Various facets of my being hold divergent opinions on grocery delivery:
- The Manager loves its labor saving properties
- The Epidemiologist appreciates the reduction in contact
- The Environmentalist frets over waste
- The Ethicist fears disconnectedness
- The Chef shakes his head at the quality of results
- The Explorer wants for inspiration and serendipity
- The Data Engineer recoils in horror at the range of failure scenarios

I tried grocery delivery ~5 years ago and it proved a short-lived experiment — the results disappointed mightily and the delivery area contracted to exclude me. Then we kicked off the COVID-19 pandemic in 2020 so I tried it again with Whole Foods through Prime Now and the result was… less terrible, if still some combination of disappointing, vexing, and horrifying.

Eventual Consistency is the lazy Data Engineer’s best friend but boy how can it make for an awful end user experience. As I recently began tallying all the ways grocery delivery could go wrong this source of pain stood out. Clearly, though, there were others, not the least of which involve a workflow spanning multiple humans across large time windows as well as a “warehouse” that the general public is continually ravaging. The following list represents only the failures I can remember:
- Item presented during list build-out is not presently available
- Item included in list at checkout is not presently available
- Delivery window advertised during list build is not available at checkout
- Item included in completed order is not available at picking time
- Picked item is wrong, deformed, spoiled, expired, damaged
- Picked instances of a kind of item are of problematically non-uniform size
- Picked instances of a produce item are not of successive ripening times
- Picker fails to register a bag as part of shipment
- Delivery agent fails to onboard one of the bags to delivery vehicle
- Item suffers damage or spoils in transit
- Delivery agent fails to off-board one of the bags from vehicle
- Delivery occurs outside target window, exposing goods to theft and spoilage

And never you mind my growing alarm at the horrific packaging footprint or my woeful tendency to fall into a repertoire rut.

In fairness, over time the experience improved in many ways — they figured out clever techniques to prevent some of the more egregious workflow errors and they iterated on the packaging to make it far more recyclable. The eventual consistency of the architecture and the non-investedness of the agents, however, continue to offer disappointing quality, the lack of my presence in the store deprives me of inspiration, and the idea of someone making a drive to my remote-ish home just to drop some groceries feels wasteful.

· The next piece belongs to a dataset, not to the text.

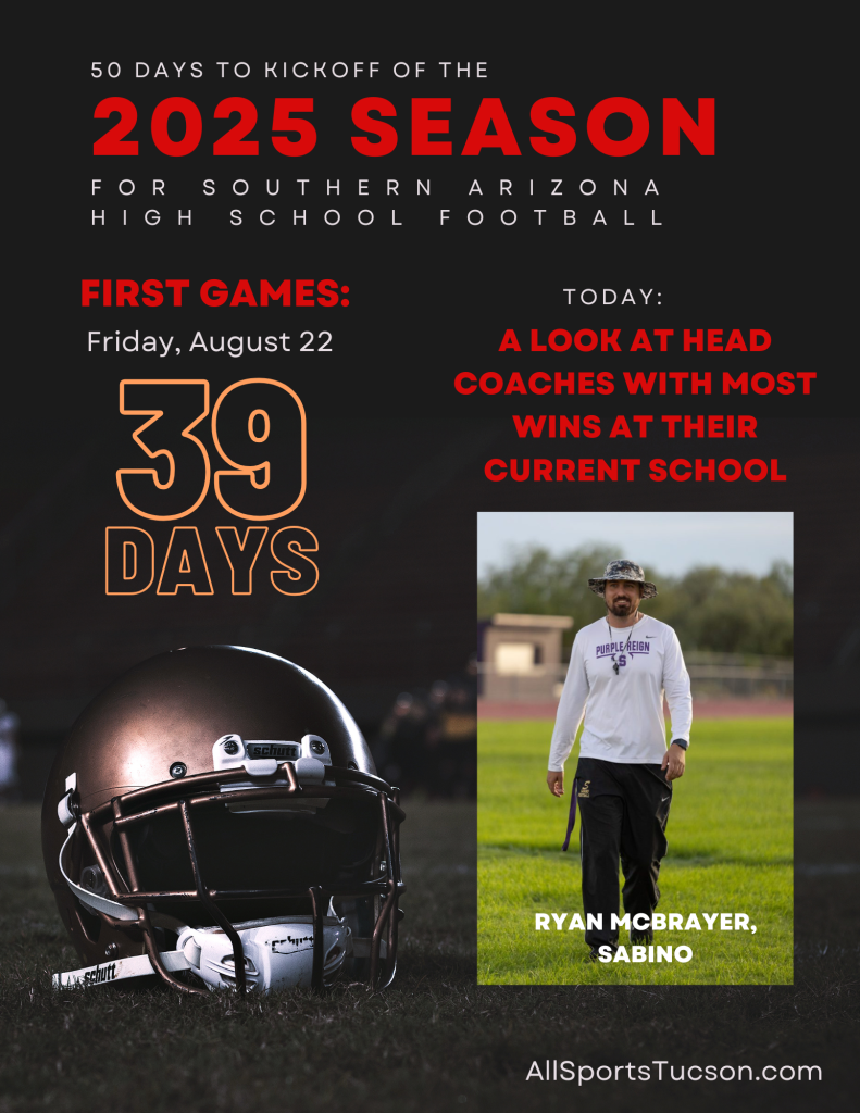 ALLSPORTSTUCSON.COM CONTINUES ITS 50 POSTS FOR THE 50-DAY COUNTDOWN TO THE 2025 SEASON THAT STARTS AUG. 22 FOR SOME SCHOOLS WITH A LOOK AT COACHES WITH THE MOST WINS AT THEIR CURRENT SCHOOL. CATCH UP WITH ALL THE POSTS BY CLICKING HERE.

With a couple of Pfizer jabs well in the rearview mirror, a Whole Foods conveniently located on my return from the rifle range, and a desire to do better across the board, I just might be done with grocery delivery barring the occasional emergency.

Yesterday, after a semi-successful first attempt at upping my game from 100 yards to 200 yards, I stopped off at Whole Foods to leisurely stroll the aisles looking for both staples and inspiration while savoring the contrast of the refreshingly cool air with the oppressive 93F at the range. Along the way my gaze lingered on some crab and I thought “omelette”. When acquiring some Yukon golds for upcoming scalloped potatoes I carefully selected ones of appropriate and similar size. At checkout I handed over four reusable insulated bags that accommodated everything. I had forgotten what a Flow state one can experience while exploring a good grocery store in the right state of mind.

And yet, if we are being honest, grocery stores themselves pose their own sort of problem by offering a tidy and pleasing abstraction layer for the messy business of food production. To the undiscerning eye the pasture raised and factory farmed animal products look much the same. The water hungry produce grown in drought prone regions and harvested in harsh and sketchy labor arrangements seem innocuous enough. The roll up of production into an ever smaller number of margin conscious conglomerates continues apace as the appetite of a voracious and ingenious species grows without bound.

And yet, compared to nascent alternatives, such a place still offers an opportunity for evolving experiences and greater awareness. I shudder at the prospect of a food ecosystem overrun by fully roboticized ghost kitchens — an accelerating arrangement where we no longer gather in communal spaces to break bread, a complex web of loosely connected processes obscures the origins of our nourishment, the trash and transportation footprint becomes enormous, and a prioritization of mass producibility obliterates creativity, variety, and quality.

I get it — we collectively have wildly varying predilections toward the culinary arts, appreciation for food itself, and resources to invest. But with the sudden shock of pervasive remote work and the increasing mechanization of the entire food ecosystem we seem perched on the precipice of losing a key component of our social fabric.